Obviously, if the Earth is to be more massive at the equator, bulging out at the equator, the Earth is ellipsoidal. It is like a squashed ball that bulges out in the middle. Although Newton’s model of the planet was supported by some of his contemporaries, notably Huygens, the inventor of Richer’s clock, it was attacked by others. The director of the Paris Observatory, Jean Dominique Cassini, for example, took exception to Newton’s concept. Even though the elder Cassini had himself observed the flattening of the poles of Jupiter in 1666, neither he nor his equally learned son Jacques were prepared to accept the same idea when it came to the shape of the Earth. It appeared they had some empirical evidence on their side.
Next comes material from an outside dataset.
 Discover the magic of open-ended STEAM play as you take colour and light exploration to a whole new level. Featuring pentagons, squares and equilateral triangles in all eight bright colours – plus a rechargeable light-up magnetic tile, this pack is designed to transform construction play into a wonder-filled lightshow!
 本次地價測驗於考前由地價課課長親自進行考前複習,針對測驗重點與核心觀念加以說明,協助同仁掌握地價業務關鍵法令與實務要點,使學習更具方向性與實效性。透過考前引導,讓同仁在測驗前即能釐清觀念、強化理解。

For geometric verification of the Earth model, scientists had employed arc measurements at various latitudes. Establishing the latitude of their beginning and ending points astronomically, they measured a north-south cardinal line to discover the length of one degree of longitude along a meridian arc. Early attempts assumed a spherical earth, and the results were used to estimate its radius by simple multiplication. In fact, one of the most accurate of the measurements of this type, begun in 1669 by the French Abbé J. Picard, was actually used by Newton in formulating his own law of gravitation. However, Cassini noted that close analysis of Picard’s arc measurement, and others, seemed to show the length of one degree of longitude actually decreased as it proceeded northward. He concluded that the Earth was not flattened as proposed by Newton, but was prolate, elongated at the poles.
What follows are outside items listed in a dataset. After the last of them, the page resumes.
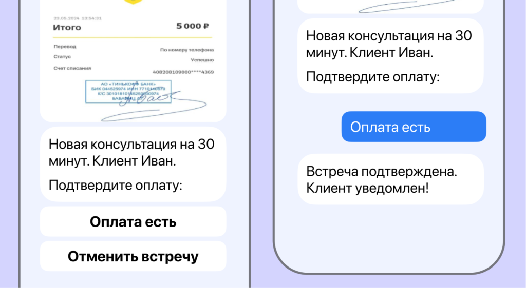 Вам придет уведомление в Телеграм с деталями встречи и скриншотом от клиента. В уведомлении вы сможете проверить оплату и подтвердить бронь нажатием на кнопку.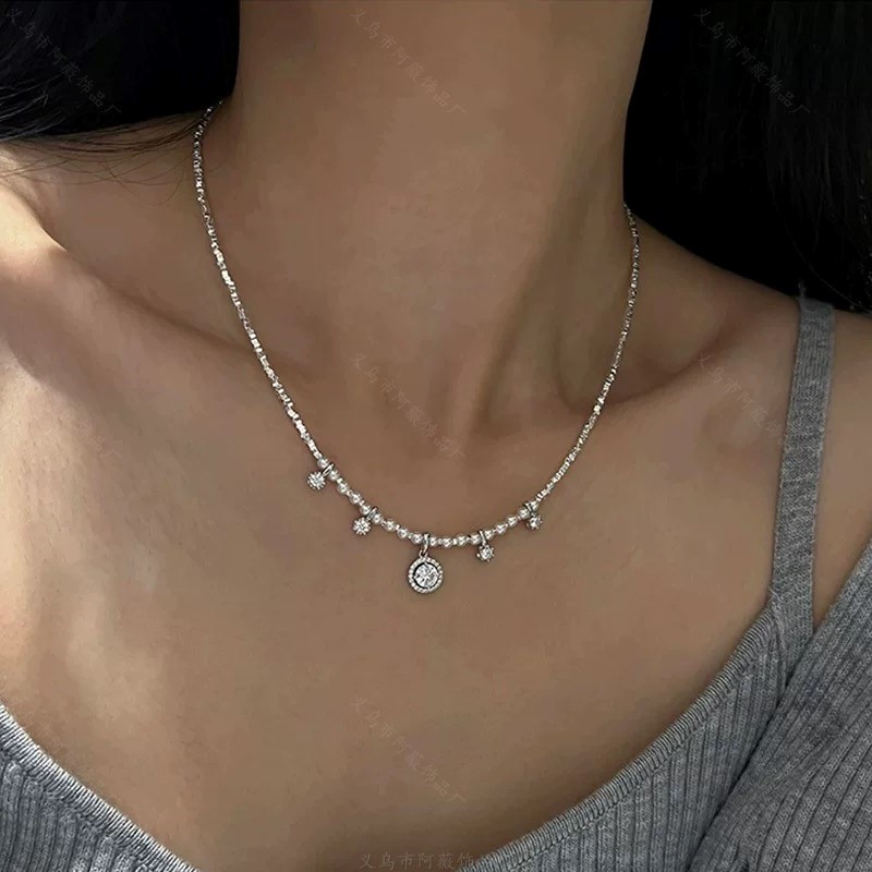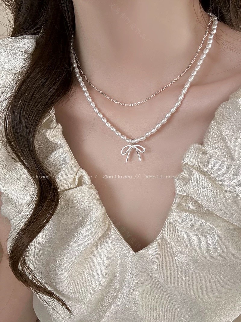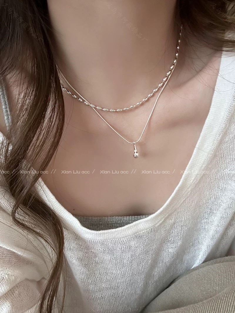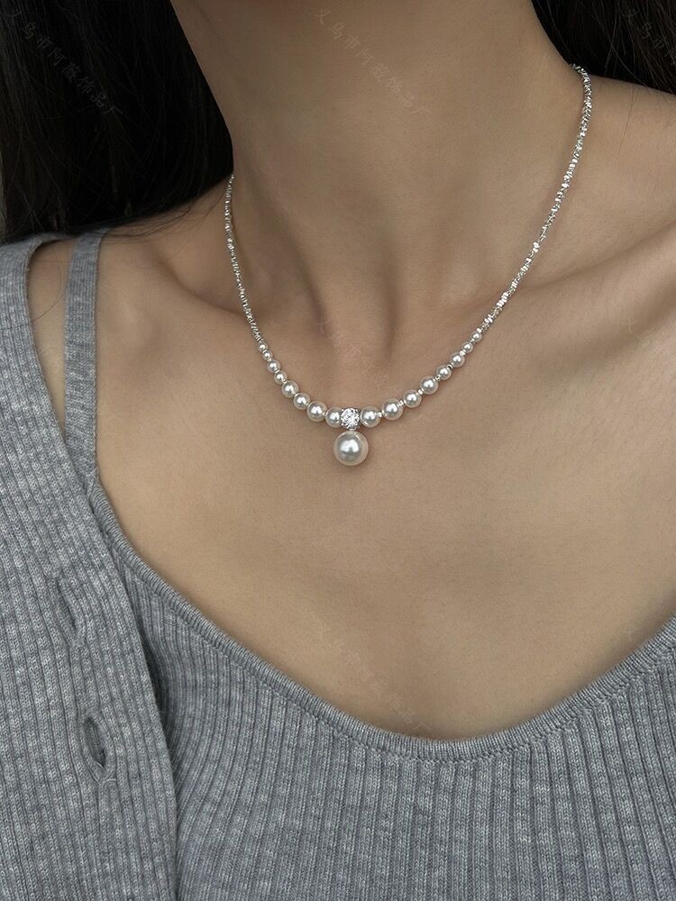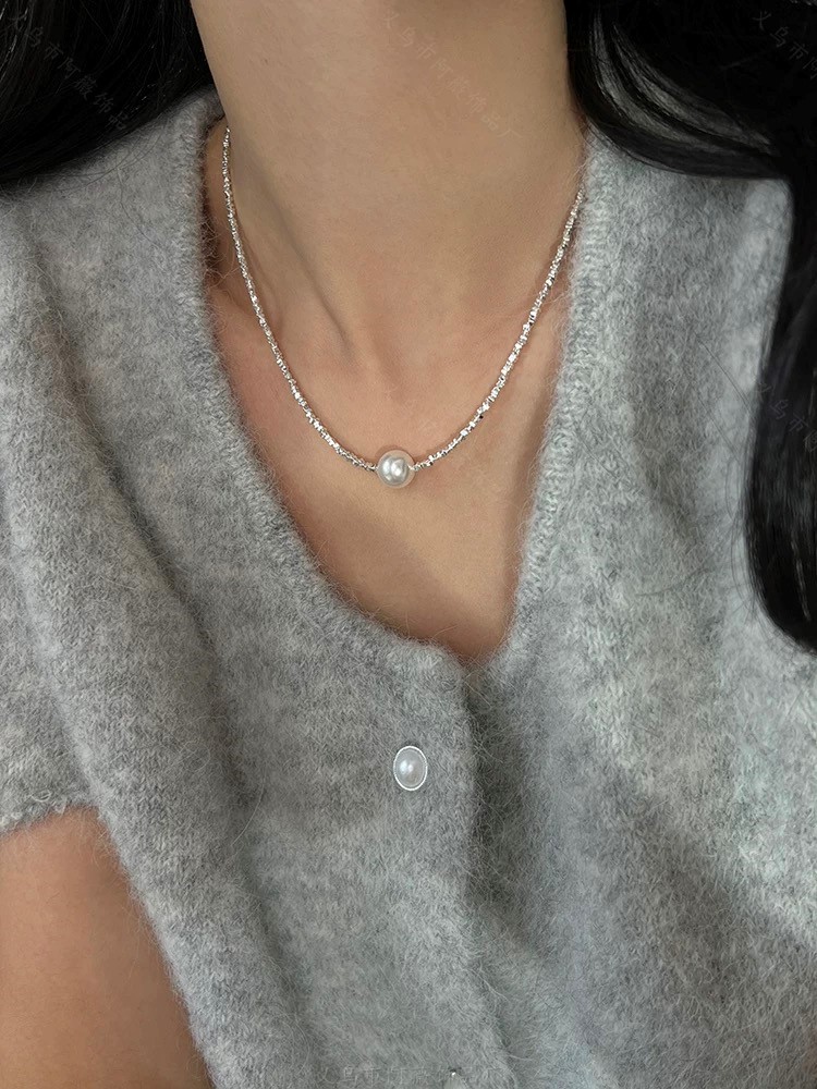 Shijia パールブロークンシルバーネックレスレディースライトラグジュアリーニッチハイエンドインターネットセレブ鎖骨チェーン優しい気質多用途ネックレス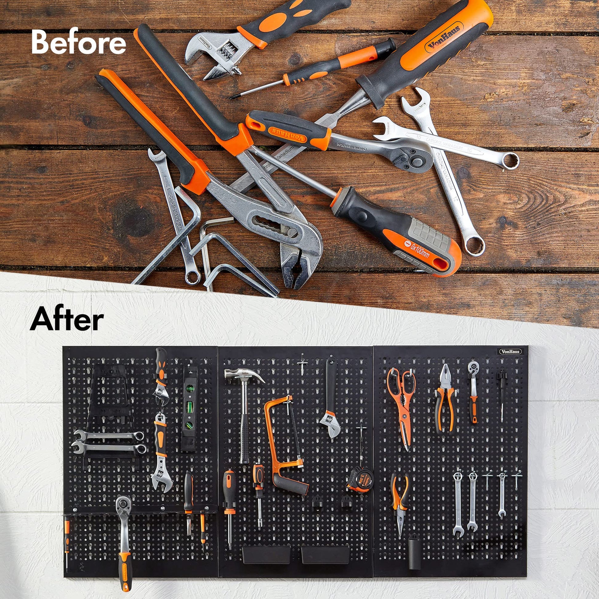 = VonHaus Tool Pegboard - 45pc - Shed and Garage Wall Storage Tool Board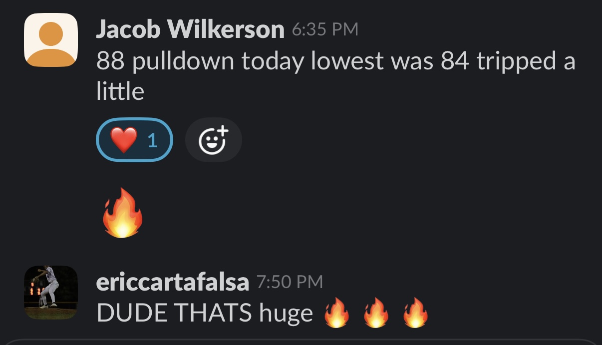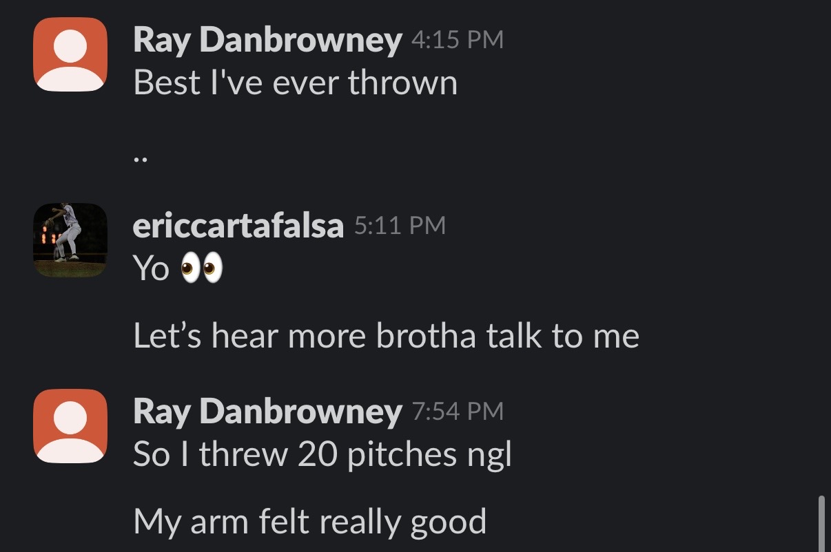 "I was up to 78 today and hit it 3 times in a row. I was also 77-78 almost the entire pen. My arm felt amazing too definitely the best it's felt this year"

The argument was not resolved until two expeditions between about 1733 and 1744 were completed. They were sponsored by the Paris Académie Royale des Sciences and produced irrefutable proof. One group which included Clairaut and Maupertuis was sent to measure a meridian arc near the Arctic Circle, 66°20' Nφ, in Lapland. Another expedition with Bouguer and Godin, to what is now Ecuador, measured an arc near the equator, 01°31' Sφ. Newton’s conjecture was proved correct, and the contradictory evidence of Picard’s arc was charged to errors in the latter’s measurement of the astronomic latitudes.
Eventually, these measurements proved Newton correct, and, in fact, the Earth is flattened at the poles or is an oblate ellipsoid.
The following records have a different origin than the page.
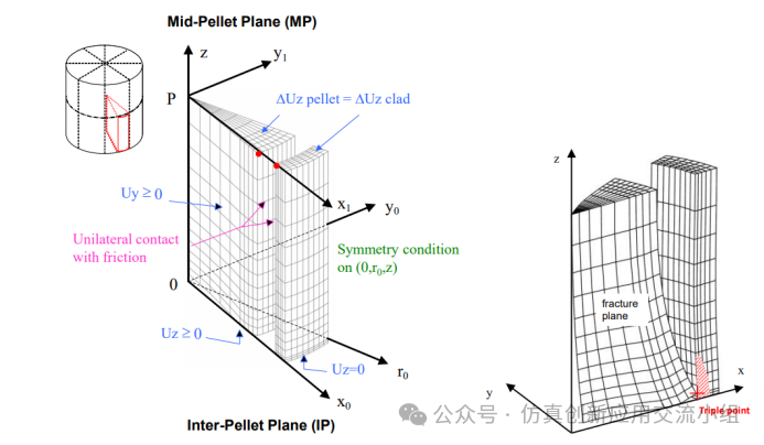 图1:ALCYONE三维方案中的网格和力学边界条件(左)。图片说明计算小球热沙漏与所谓的三重点的位置(右)。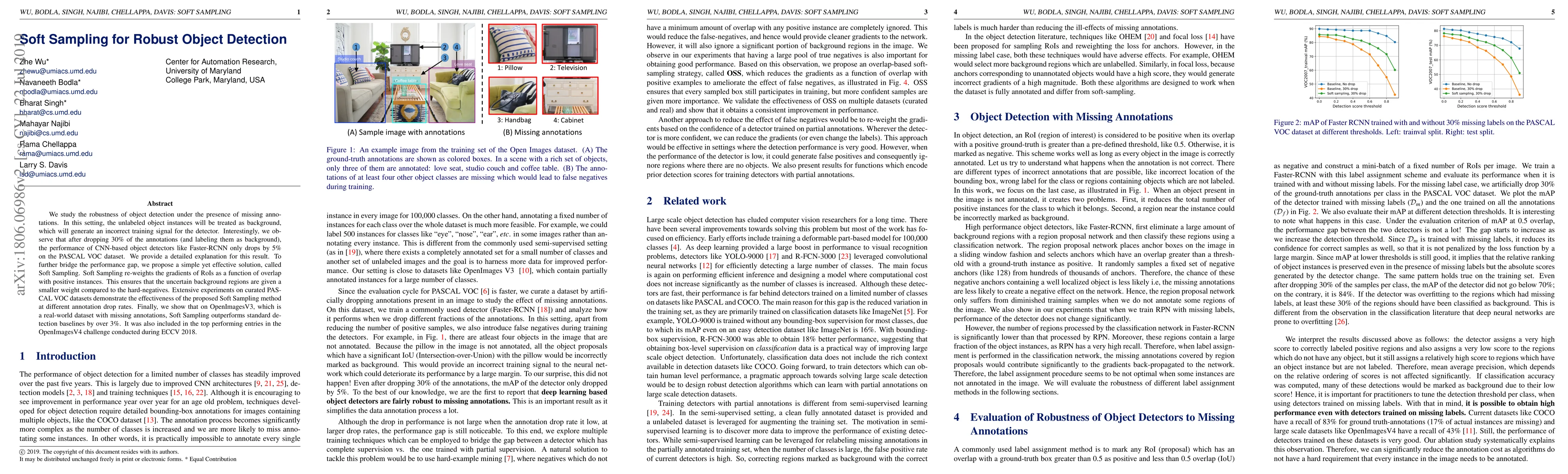 We study the robustness of object detection under the presence of missing annotations. In this setting, the unlabeled object instances will be treated as background, which will generate an incorrect training signal for the detector. Interestingly, we observe that after dropping 30% of the annotations (and labeling them as background), the performance of CNN-based object detectors like Faster-RCNN only drops by 5% on the PASCAL VOC dataset. We provide a detailed explanation for this result. To further bridge the performance gap, we propose a simple yet effective solution, called Soft Sampling. Soft Sampling re-weights the gradients of RoIs as a function of overlap with positive instances. This ensures that the uncertain background regions are given a smaller weight compared to the hardnegatives. Extensive experiments on curated PASCAL VOC datasets demonstrate the effectiveness of the proposed Soft Sampling method at different annotation drop rates. Finally, we show that on OpenImagesV3, which is a real-world dataset with missing annotations, Soft Sampling outperforms standard detection baselines by over 3%.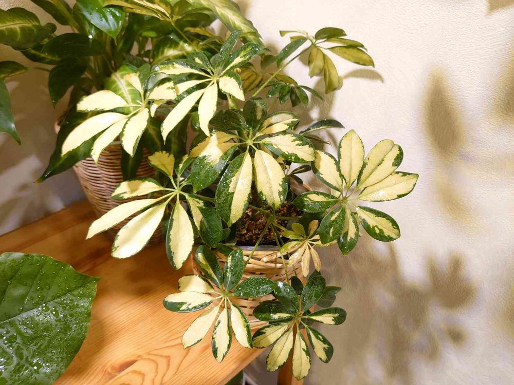 気まぐれで普通のシェフレラと寄せ植えし、屋外管理していましたが、葉焼が酷く、株分けし剪定したシェフレラ・ハッピーイエローです。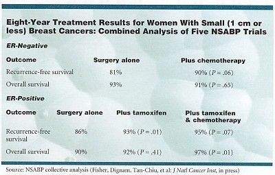 Based on presentations by Dr. Fisher and others, the November 2000 NIH consensus panel stated that, for women with tumors 1 cm or smaller, the decision to consider chemotherapy should be individualized.

The ellipsoidal model bulging at the equator and flattened at the poles, has been used ever since as a representation of the general shape of the Earth’s surface. In fact, several reference ellipsoids have been established for various regions of the planet. They are precisely defined by their semi-major axis and flattening. The semi-major axis you see there in blue. It is half of the major axis of an ellipse. The semi-minor axis is half of the minor axis of the ellipse.
The ellipse can be rotated about the north-south semi-minor axis into the representation of a solid ellipsoid, in this case, a bi-axial ellipsoid. It bulges at the equator and is flattened at the poles.